------ EXERCISE INPUT
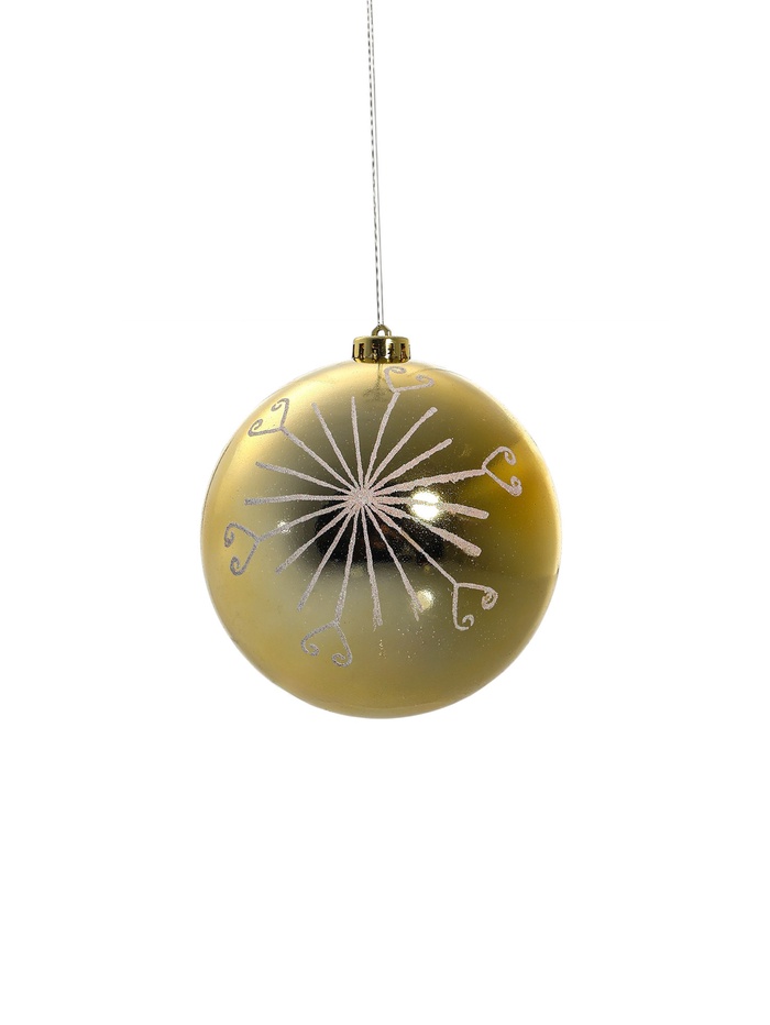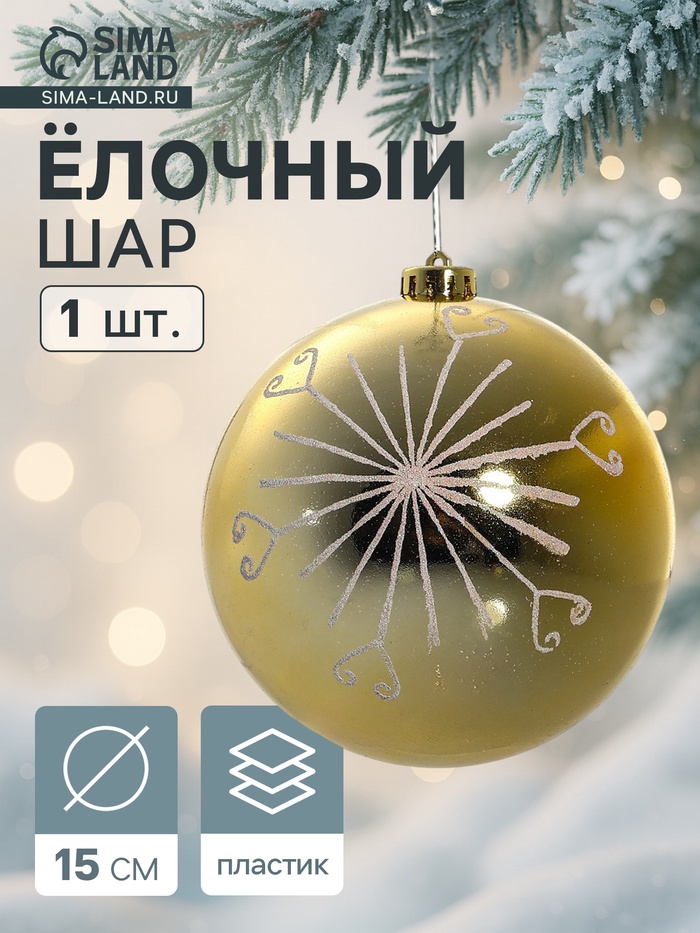 Пластиковый новогодний шар золотистого цвета с рисунком — это крупный праздничный акцент для тех, кто хочет добавить ёлке тепла и света. Игрушка диаметром 15 см выполнена в классической форме и украшена узором, который подчёркивает её торжественность. Украшение подходит под стили ар-деко, барокко и строгой классики — идеально для создания центрального элемента на дереве.
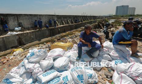 Tanggul Muara Baru yang Bocor Ditambal dengan Tumpukan Karung Pasir
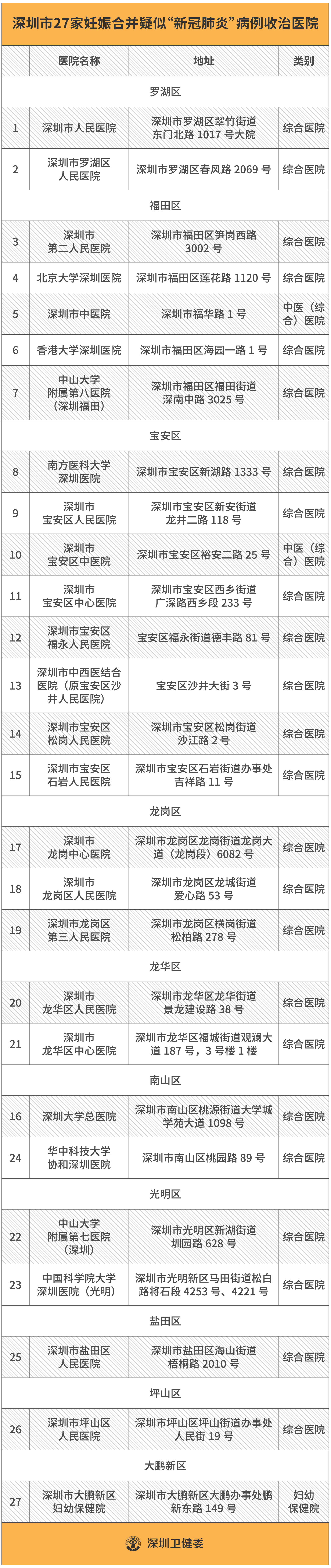 据悉,深圳共有27家妊娠合并新型冠状病毒感染感染疑似病例市、区级收治医院,其中,市级医院8家,区级医院19家,覆盖深圳10个区(新区)。
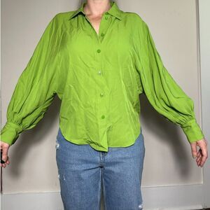 ZARA Bright Lime Green Oversized Artsy Button Up Top Sz XS
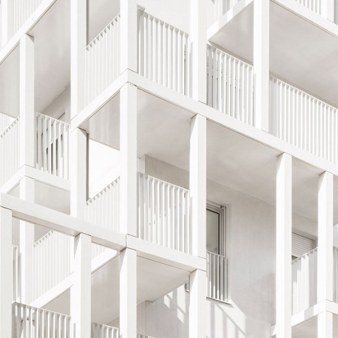 Siguiendo principios estéticos basados en cómo se usan las cosas, una red de balcones, aparentemente aleatorios a través de su juego de alturas simples y dobles, está orquestada en la grilla muy racional de los planos de planta. Esta disposición alterna anima las fachadas, permite la entrada de luz solar máxima en los apartamentos y racionaliza las superficies de los balcones.
------------
▶ EXERCISE
Could you please write out exactly the lines from the start of the entries above through the line that holds "Tanggul Muara Baru", both included, with no pictures?

▶ FINAL ANSWER
 Пластиковый новогодний шар золотистого цвета с рисунком — это крупный праздничный акцент для тех, кто хочет добавить ёлке тепла и света. Игрушка диаметром 15 см выполнена в классической форме и украшена узором, который подчёркивает её торжественность. Украшение подходит под стили ар-деко, барокко и строгой классики — идеально для создания центрального элемента на дереве.
 Tanggul Muara Baru yang Bocor Ditambal dengan Tumpukan Karung Pasir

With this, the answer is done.